Es ist Zeit für eine echte Bauwende
Es wird geweint, wenn die Baukonjunktur nachlässt. Dabei geht die Gleichung „viel = gut“schon lange nicht mehr auf.
„Der Bauprozess ist so kompliziert, die Koordinierung der Gewerke, die Kostenüberschreitungen, einfach ein Horror!“Stoßseufzer wie dieser könnten von jedem kleinen Häuslbauer stammen. Interessanterweise werden sie seit Jahren auch von großen Bauherren und mitunter sogar von Managerinnen und Managern der Baukonzerne ausgestoßen.
In der Tat galt die Baubranche lange Zeit als sehr abweisend gegenüber Innovationen aller Art, inklusive der Verbesserung ihrer eigenen Prozesse. Nun beginnt sich das Rad jedoch schneller zu drehen: Dänemark, im internationalen Vergleich eines jener Länder, die sich schon am längsten mit Energiesparen in Gebäuden und Nachhaltigkeit beschäftigen, gibt seit heuer erstmals eine Obergrenze für den Klima-Fußabdruck von neu gebauten Gebäuden vor.
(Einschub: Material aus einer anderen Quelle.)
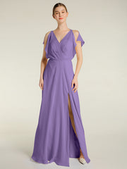 V Neckline Chiffon Maxi Dresses with Slit Tahiti Plus Size
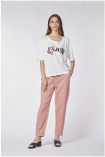 Weites t-shirt aus baumwolljersey mit schlitz hinten und blumenstickerei
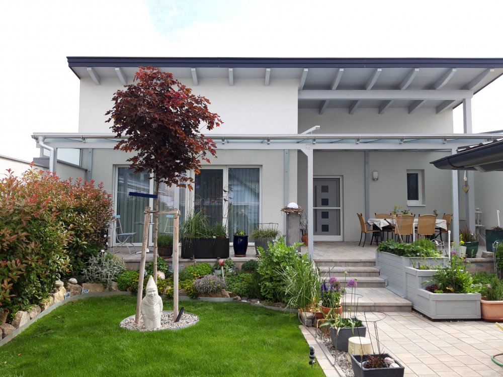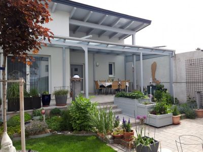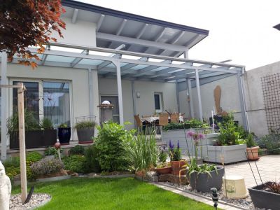 Eine klassische Überdachung ist eine gute Wahl für jede Terasse. Schützt gegen Regen und Schnee ,Sie können auch im Winter Ihre Gartenmöbel ruhig auf der Terasse lassen. Bei der Planung wurde die optimale Dachneigung nach der Maßabnahme erfasst und so kann unser Kunde sicher sein dass der Regenwasser abgeleitet wird. Laut Kundenwunsch wurden die Aluminium Profile auf eine weisse Farbe beschichtet so harmonisiert die Überdachung mit der Optik vom Haus und Garten . Ein großer Vorteil ist von diesen Konstruktionen, dass man dies in späteren sogar auf einem Sommergarten erweitern kann mit Glas-Schiebetüren.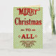 Den här festliga hälsningskortet har ord "God jul till alla" i ljusröda bokstäver med olika typsnitt och blomning. Vid grund har den större maltesletoblomma med grönt löv och små röda bär. Allt detta vilar på en ljust grönt, randad bakgrund som är utformad för att se missfärgad och spräcklig ut på ett vintage/antika sätt. Insidan har en vintage som är sliten och färgad med fler vita fläckar som ser ut som att falla snö. Det finns också utrymme för dig att lägga till ditt personliga meddelande - eller helt enkelt ta bort exempeltexten för att lämna den tom. Du kan också klicka på "Anpassa" om du vill ha fler funktioner, t.ex. att lägga till ett eget foto på insidan av den lämnat sidan. Det här är ett enkelt, gammaldags kort på eleganten för vintern i julafton. Se matchande objekt i vår butik.
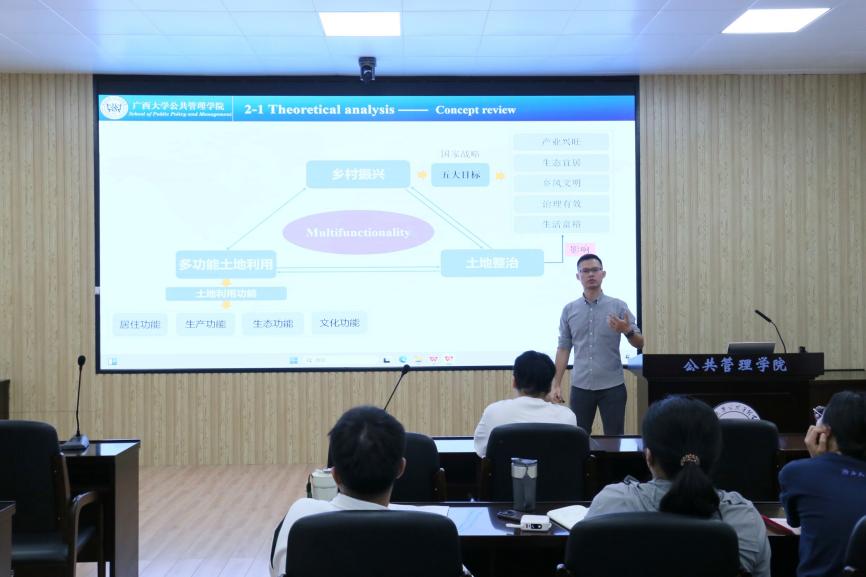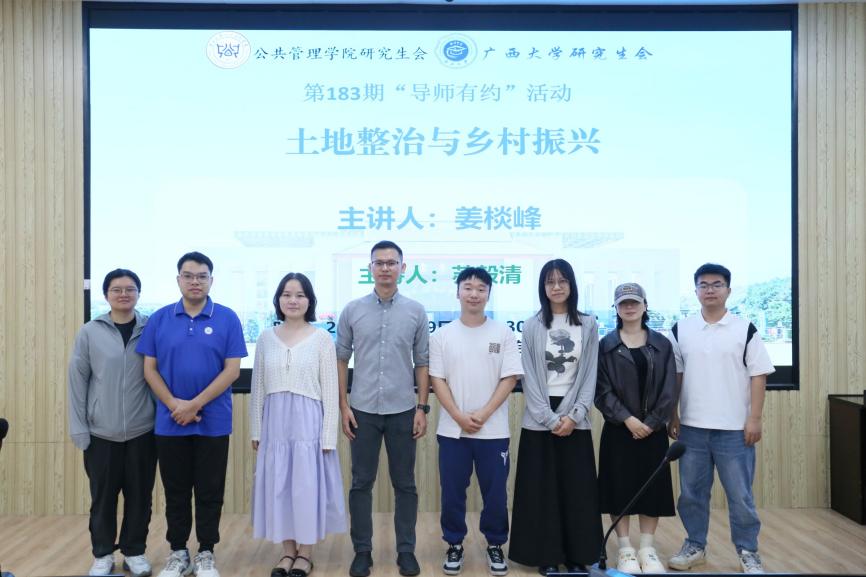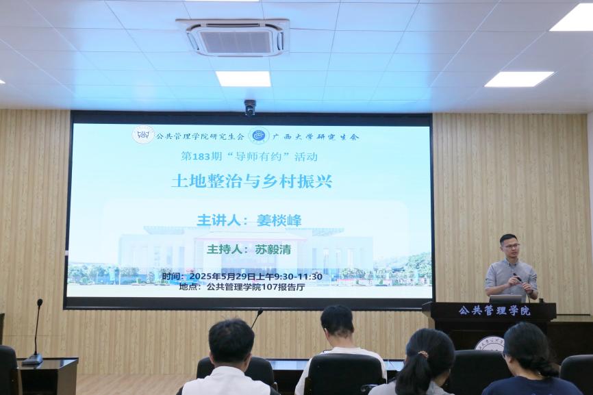 5月29日上午,广西大学第183期 “导师有约” 系列活动暨H动漫 研究生第46期学术沙龙活动在学院107报告厅顺利举行。本次活动主题为“土地整理与乡村振兴”,特邀姜棪峰老师为主讲人,旨在深化广大师生对国家土地政策与乡村振兴战略的理解,探讨如何发挥土地整治在促进乡村振兴上的重要作用。

Sind diese größer als 1000 Quadratmeter, dürfen sie nicht mehr als 12 Kilogramm CO2-Äquivalent pro Quadratmeter und Jahr verursachen. Für kleinere Bauten, etwa klassische Ein- und Zweifamilienhäuser, kommt die strenge Grenze erst zeitverzögert ab 2025. Doch auch für sie muss bereits ein sogenanntes Lebenszyklus-Assessment durchgeführt werden, das den ökologischen Fußabdruck des Gebäudes über die gesamte Lebenszeit bis hin zu Abbruch und Entsorgung misst.
In Dänemark hat die Politik großen Einfluss auf die Dimension von Gebäuden, verwendete
Baustoffe als auch Heiz- und Kühlsysteme. In Österreich sind wir von diesem ganzheitlichen Zugang noch sehr weit entfernt und orientieren uns oft nur am Energieverbrauch. Dies unter anderem deshalb, weil Bauordnungen und Wohnbauförderung Ländersache sind und neun Bundesländer häufig schwer unter einen Hut und gemeinsam in Bewegung zu kriegen sind. Doch umgekehrt gedacht: Wäre genau diese Kompetenzverteilung nicht auch eine Chance, um dänische Vorgaben im Kleinen in einem Bundesland auszuprobieren, etwa in der Wohnbauförderung zu verankern und bei Erfolg in anderen nachzumachen?
Vorgaben, die die gesamte Lebensdauer betreffen, würden jedenfalls so manchen gordischen Knoten durchschlagen. Wie etwa den, dass viele Menschen gern ökologische Dämmmaterialien wie Hanf oder Stroh einsetzen möchten, doch wegen der hohen Kosten nicht können. Und sie dann doch wieder das günstigere Styropor auf die Mauern kleben lassen, das am Lebensende zu wenig taugt außer
Müll, der noch dazu auf der Fahrt zur Deponie wieder eine Klimabelastung ist. Was wäre, würde man durch kluge Vorgaben einen Massenmarkt für ökologische Baustoffe eröffnen? Die Gleichung „viel bauen = gut“stimmt längst nicht mehr. Es braucht neue Anreize, die ökologisches und leistbares Bauen zusammenbringen und Sanierung attraktiver machen. Es ist Zeit für eine echte Bauwende.